I watched part of a fascinating documentary on the life of Joe Strummer, lead singer of the Clash. The tail end of the film focused on a final project he was working on just before he died—quite unexpectedly of an aneurism at the age of 50. The film follows the process of Strummer putting together songs and musicians for a kind of reunion of old band mates for a new record and tour. He said as soon as he had made the decision to make a new record, the songs showed up and he couldn’t stop the flow. They came quickly, randomly, and profusely at all hours and in any context—he’d scratch lyrics out on anything he could grab nearby: napkins, matchbooks, receipts. He became incredibly prolific in these final months of his life, which seemed to make his death all the more tragic.
It kind of turns our logic about creativity upside down, doesn’t it? We think we have to have all our ducks in a row before we decide to step out with some new endeavor, but in fact it’s sometimes the stepping out that brings the ideas.
There is an attractive appeal to not finishing a creative project. I have allowed myself the luxury of ten thousand conversations with friends about things I’m “thinking about doing” without ever taking the thing across the finish line. For a lot of reasons. It’s more fun to talk about something than to do the work is the most obvious. And the fears and resistance deep inside that fight to keep us from taking decisive action are a formidable foe.
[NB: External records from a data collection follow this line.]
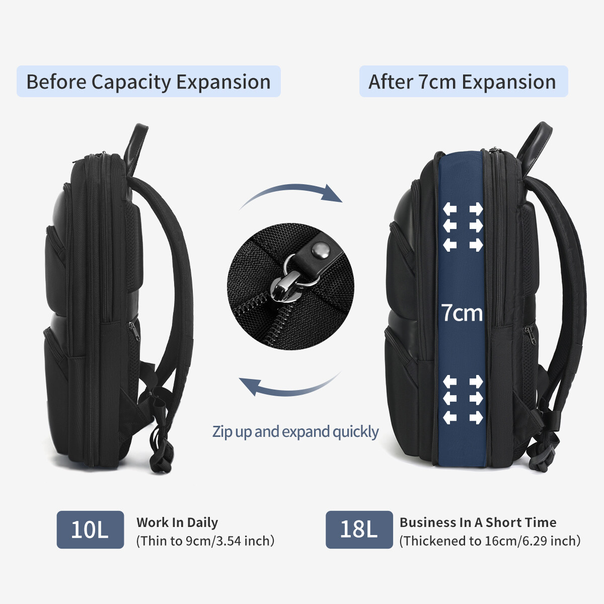 3. Large capacity design, can be expanded by 7cm;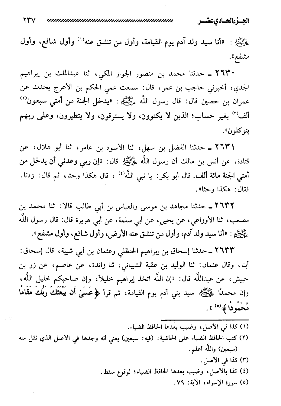 2633- حَدَّثَنَا إِسْحَاقُ بْنُ إِبْرَاهِيمَ الْحَنْظَلِيُّ وَعُثْمَانُ بْنُ أبي شيبة، قال إسحاق: أبنا، وَقَالَ عُثْمَانُ: ثنا الْوَلِيدُ بْنُ عُقْبَةَ الشَّيْبَانِيُّ، ثنا زَائِدَةُ، عَنْ عَاصِمٍ، عَنْ زِرِّ بْنِ حُبَيْشٍ، عَنْ عَبْدِ اللَّهِ قَالَ: ((إِنَّ اللَّهَ اتَّخَذَ إِبْرَاهِيمَ خَلِيلا، وَإِنَّ صَاحِبَكُمْ خَلِيلُ اللَّهِ، وَأَنَّ مُحَمَّدًا صَلَّى اللَّهُ عَلَيْهِ وَسَلَّمَ سَيِّدُ بَنِي آدَمَ يَوْمَ الْقِيَامَةِ، ثُمَّ قَرَأَ {عَسَى أن يبعثك ربك مقاماً محموداً} )) . -[238]- وهذا حديث إسحاق.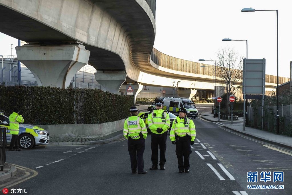 當(dāng)?shù)貢r間2018年2月12日,英國倫敦,倫敦城市機(jī)場附近泰晤士河道內(nèi)發(fā)現(xiàn)一枚二戰(zhàn)遺留炸彈,警方封鎖現(xiàn)場。機(jī)場被迫關(guān)閉,航班取消。(圖片來源:東方IC)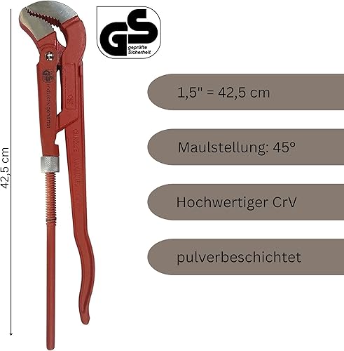 Hoga Rohrzangenset, S-Maul, 3-tlg, 1' 1,5' 2' Zoll, Eckrohrzangen, Chrom Vanadium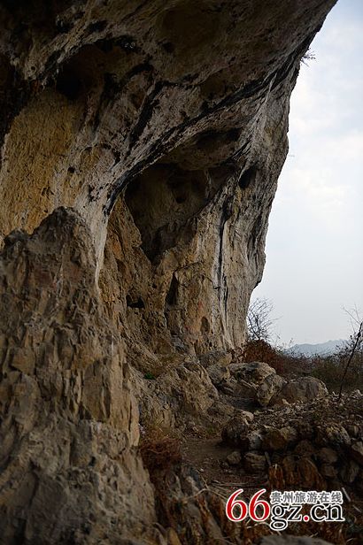 金山洞摩崖是貴陽市花溪區(qū)最早的摩崖石刻,也是貴州最早的摩崖石刻之一。該摩崖石刻位于燕樓鄉(xiāng)東北三里的金山洞巖壁上。其山上豐下儉,古人利用自然山形,在可避風雨的洞壁上摩巖、題刻賦詩作畫。整個摩崖面積通高140厘米,寬74厘米;自右至左豎行排列,共6行82字。據(jù)系楷書陰刻,書法古樸流暢,具有較高的歷史價值。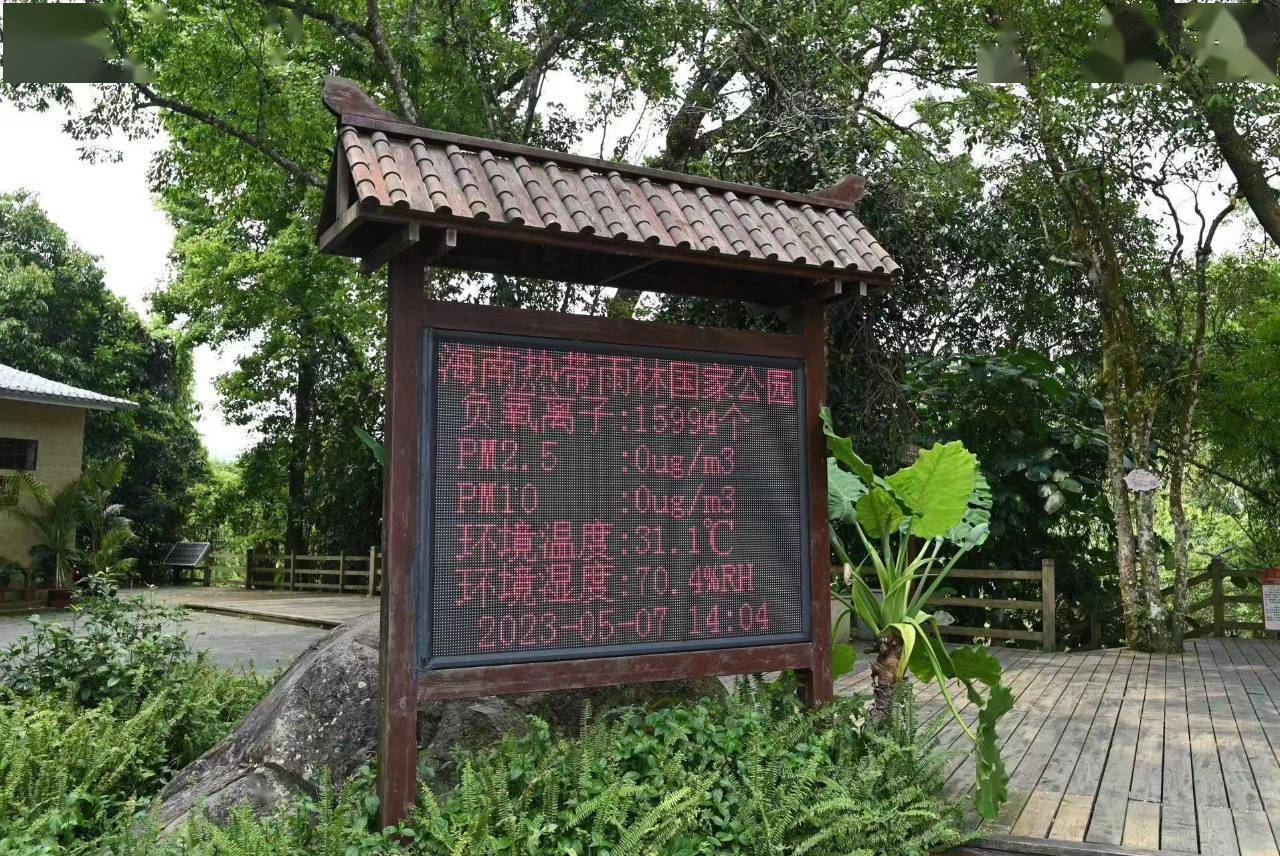 走进五指山所在的海南热带雨林国家公园,在栈道入口处的电子屏上实时显示“负氧离子每立方厘米15994个,PM2.5每立方米0微克”,沿着林间木栈道前行,群山叠翠、绿树成荫,流水潺潺、鸟鸣声声,空气温润清甜,仿佛穿行于绿色的海洋。

But sooner or later we need to just do the thing. Turn our verbs into nouns, as Twyla Thorpe says (The Creative Habit). Productivity implies that there will be a product at the end of the process. Maybe sometimes we need to “fake it ’til we make it” in our creative life, if faking it in this sense means to create as though there’s an end result to our work that the world is clamoring for–a new record, a novel, a poem, a painting. And in the faking it, the ideas come like water from a primed pump and before we realize it, we actually make it.